John Fetterman’s first Senate ad is all about ‘abandoned’ Pa. towns. Sound familiar?
Fetterman, the Democratic front-runner for Senate in Pennsylvania, is trying to tap into a very real sentiment that Donald Trump mined to powerful effect.
A version of this article will appear in the first edition of PA 2022, The Inquirer’s Election Newsletter. Sign up for news, analysis, and everything you need to know about how Pennsylvania’s hugely competitive races for Senate and governor are shaping up, delivered right to your inbox.
There’s something almost Trump-y about John Fetterman’s first TV ad in Pennsylvania’s Democratic Senate race.
Not in the politics, of course, or the tone or even the overall message. But in the nostalgia for places that have been “forgotten.”
“There’s a lot of great towns in Pennsylvania that feel like their community’s best days were a generation ago,” Fetterman says in the spot, which aired on CNN and MSNBC just before the State of the Union on Tuesday night. “Nowhere deserves to be abandoned.”
Fetterman, the lieutenant governor, is trying to tap into a very real sentiment that Trump mined to powerful effect: A sense that in much of the country, people’s potential has been cut short, their communities eroded, hope has washed away. That there’s only opportunity now in certain big cities.
I’ve heard that sentiment from voters across the state: People lamenting that their kids had to leave home to find good careers, and how they’re never coming back, while the communities they love decline.
Trump won in 2016 partly by appealing to these areas. He also laced his pitch to them with grievance and anger, and often with xenophobia and racism.
» READ MORE: The Divided States of Pennsylvania: How one state embodies America's political discord
But for many who live in those places, he also spoke to a deep sense of stagnation. It’s a real problem that different candidates might approach, and try to solve, in a very different ways.
Fetterman’s ad suggests he’s trying to be that candidate.
And that he’s trying to reach some of these callused farming areas or longtime industrial towns with an element of the “tough guy” outsider appeal Trump used to reach voters who felt like white-collar “elites” didn’t care about their needs. “A Democrat with backbone,” the voice over says.
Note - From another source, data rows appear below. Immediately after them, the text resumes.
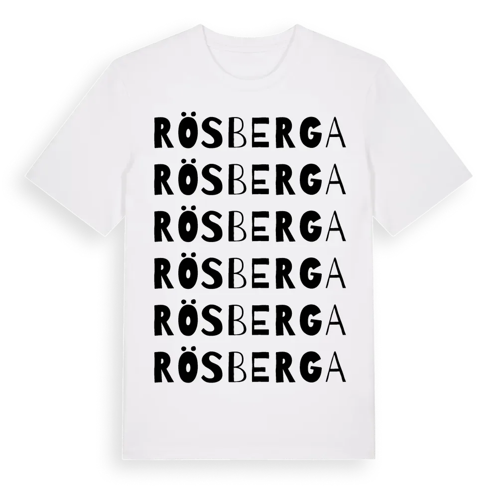 Rösberga ordlek t-shirt är inspirerad av byn Rösberga i Jönköpings län, Sverige. Tröjan är designad för dig som har en speciell koppling till platsen – oavsett om du bor här, har rötterna här eller bara älskar Rösberga.
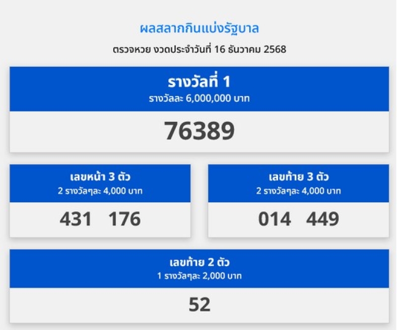 ออกไปเป็นทีเรียบร้อยแล้ว สำหรับการประกาศผลรางวัลสลากกินแบ่งรัฐบาล ประจำวันทรา 16 ธันวาคม 2568 โดยผลรางวัลได้แก่ รางวัลที่ 1 รางวัลละ 6,000,000 บาท 763895 เลขท้าย 2 ตัว 1 รางวัลๆละ 2,000 บาท 52
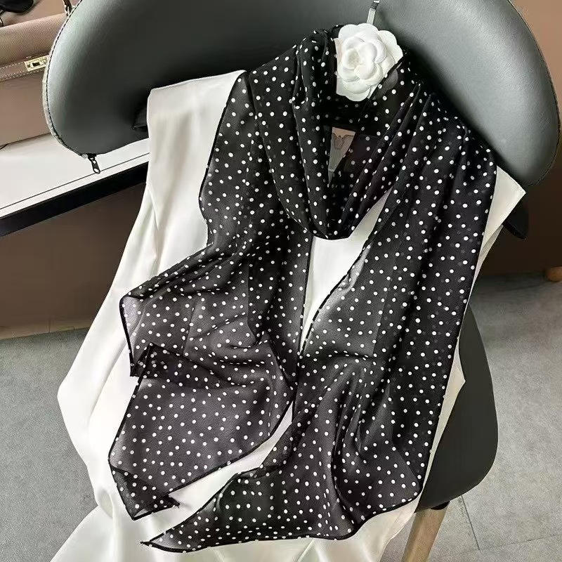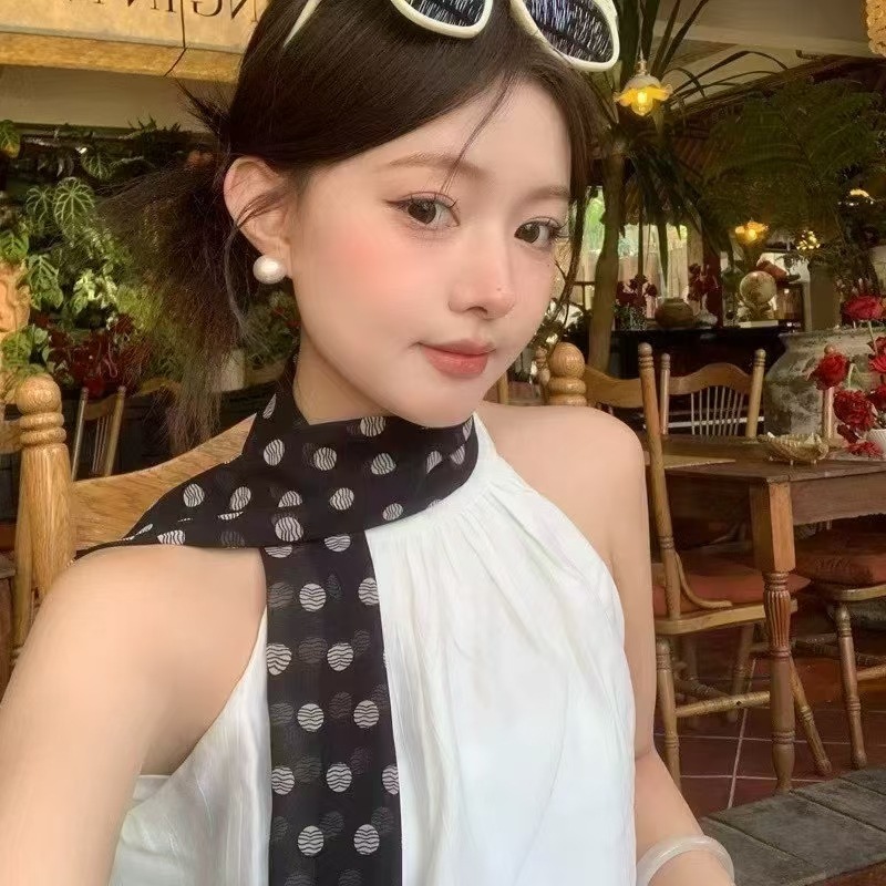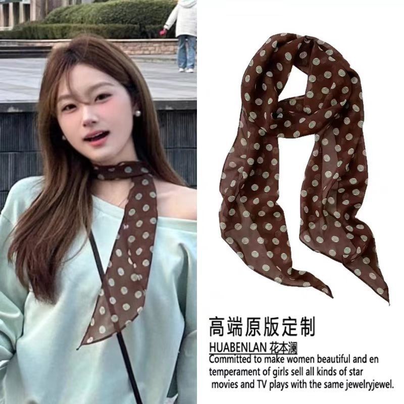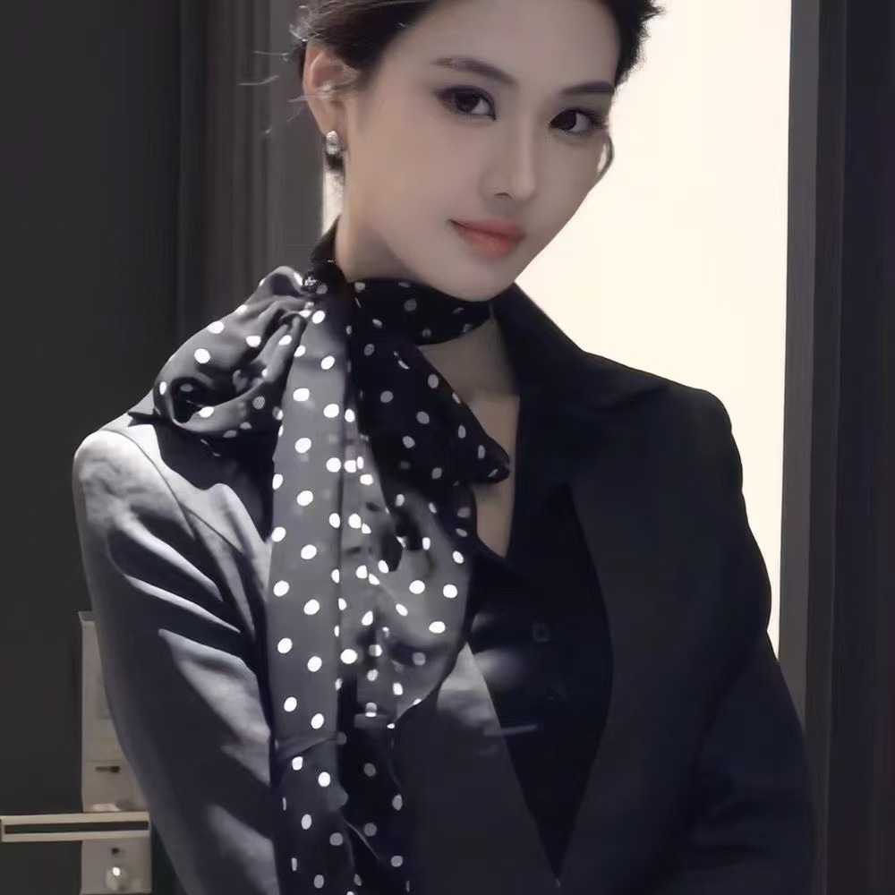 봄과 가을 긴 설문 조사 도트 실크 스카프 여성 목 하이 엔드 2025 새로운 목걸이 매칭 타이 백 헤어 스트랩 스카프스토어 가기
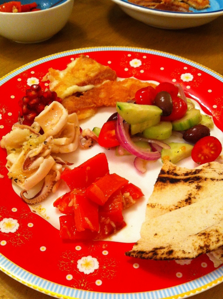 Greek dinner tonight. Squid, salad, red peppers, and Saganaki cheese – which is kinda like haloumi, but even more tasty, if that is actually possible.
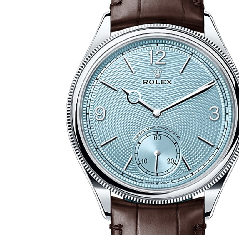 Introducing the Rolex 1908, a masterpiece that embodies the pinnacle of luxury and craftsmanship. This exquisite timepiece features a 39mm Platinum case with a polished bezel, exuding timeless elegance. The Ice blue dial is adorned with black hour markers and hands, providing a striking contrast for enhanced readability. Powered by the Rolex Caliber 7140, it offers a remarkable power reserve of approximately 66 hours and is water-resistant up to 50 meters. The watch is complemented by a sophisticated black alligator leather strap with an 18K white gold folding Crownclasp. Offered in unworn condition, this exceptional watch comes as a full set with the original Rolex box, booklets, and a Rolex warranty card dated 2025. Secure this luxurious timepiece today and experience the epitome of Swiss horological excellence. Perfect for any collection, the Rolex 1908 blends heritage with modern sophistication, making it an ideal companion for any occasion.
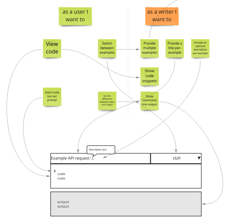 We undertook some research into the user stories surrounding code snippets, including benchmarking other documentation sites and talking to users.
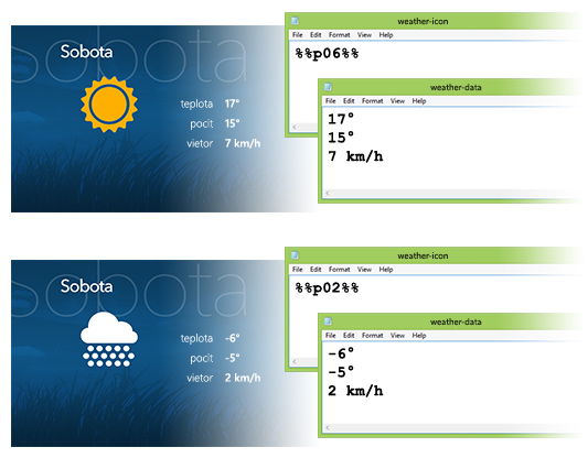 Una función muy útil del generador de subtítulos ESM CG es la posibilidad de sustituir un texto determinado por una imagen o un logotipo. Basta con configurar en los ajustes qué texto o carácter se asociará a cada imagen y, a continuación, insertar estos caracteres en un archivo de texto o XML externo. Esto resulta especialmente útil para los mensajes del panel inferior, las cotizaciones o el tiempo, donde puede definir muy fácilmente los gráficos meteorológicos o cambiar la flecha cuando la cotización sube o baja. Las posibilidades son casi ilimitadas y, en plantillas complejas, puede modificar varios datos a la vez de esta manera.
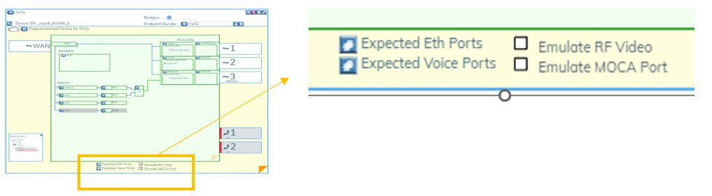 In pre-provisioned endpoints, you check the boxes shown below to display the Application or the MOCA Eth-Port.
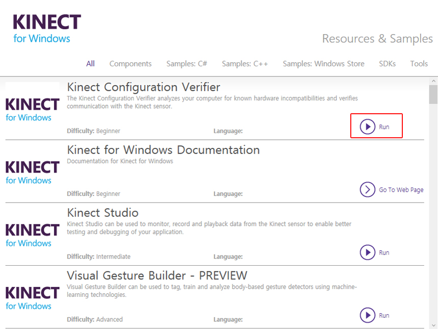 실행된 SDK Browser에서 Kinect Configuration Verifier의 Run을 클릭하여 실행해줍니다.
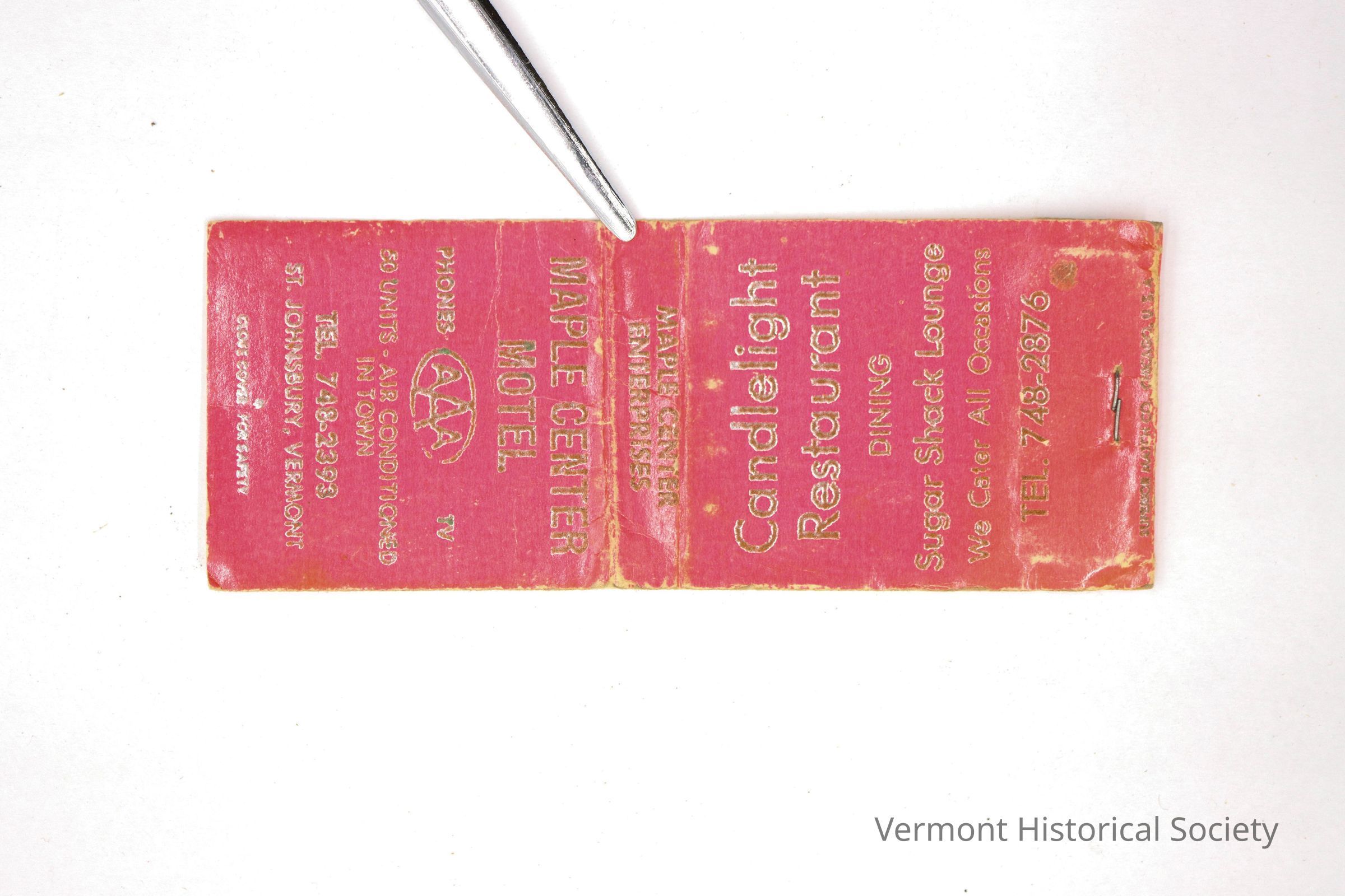 Produced as an advertisement for Maple Center Motel and Candlelight Restaurant in St. Johnsbury, VermontAcquisition
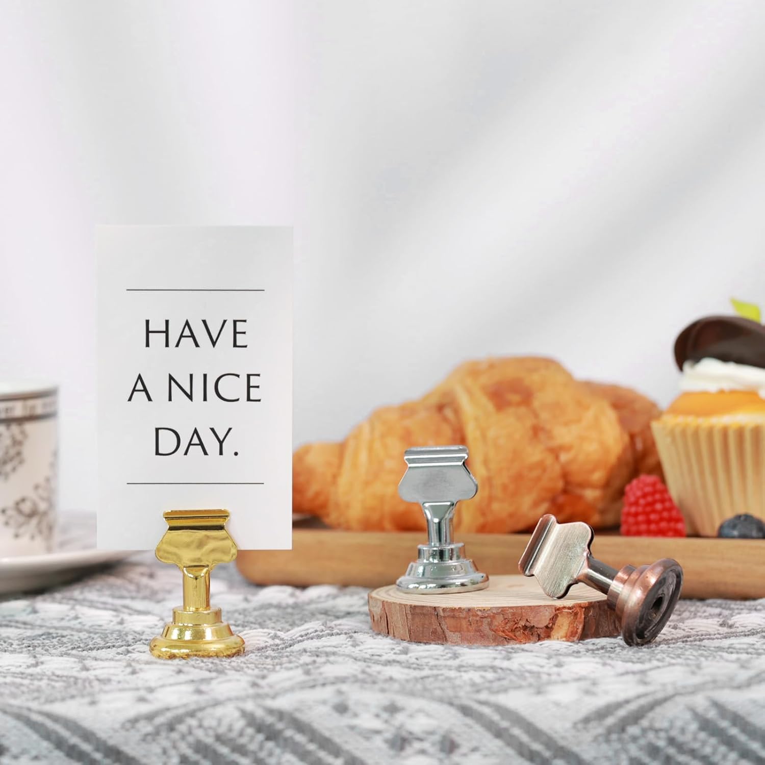 - Package includes: Set include 16 pieces table sign holders, size of photo holder is 1.7 inches, a total of five colors for you to choose, gold, black, silver, copper, rose gold, you can choose according to your occasion need
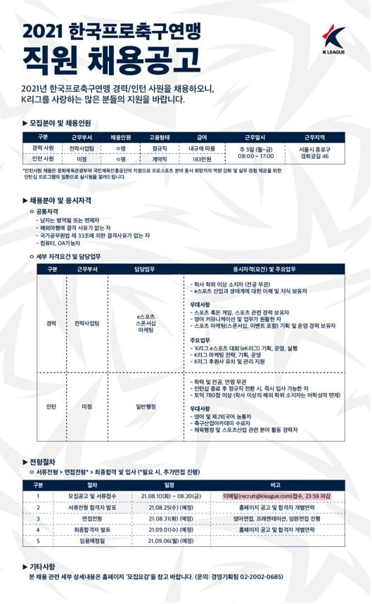 서류접수 기간은 경력, 인턴사원 모두 8월 20일(금) 자정까지이며, 이메일(recruit@kleague.com) 또는 취업포털사이트(사람인, 인크루트, 잡코리아)를 통해 지원할 수 있다. 서류전형을 거쳐 영어인터뷰, 프레젠테이션, 면접전형 순으로 진행되며 자세한 공고 내용은 프로축구연맹 홈페이지(www.kleague.com)에서 확인하면 된다.

It’s a tough needle to thread. The communities Fetterman is talking to have long slid away from Democrats. Some Democrats argue it’s a lost cause — especially with so many more votes to be won in cities and the suburbs. And Fetterman’s critics question whether he can appeal to the places that now make up the Democratic base.
Fetterman argues that Democrats can’t keep getting destroyed elsewhere. It’s just his first ad, but it shows where he hopes to take his campaign — and how he hopes to win the primary.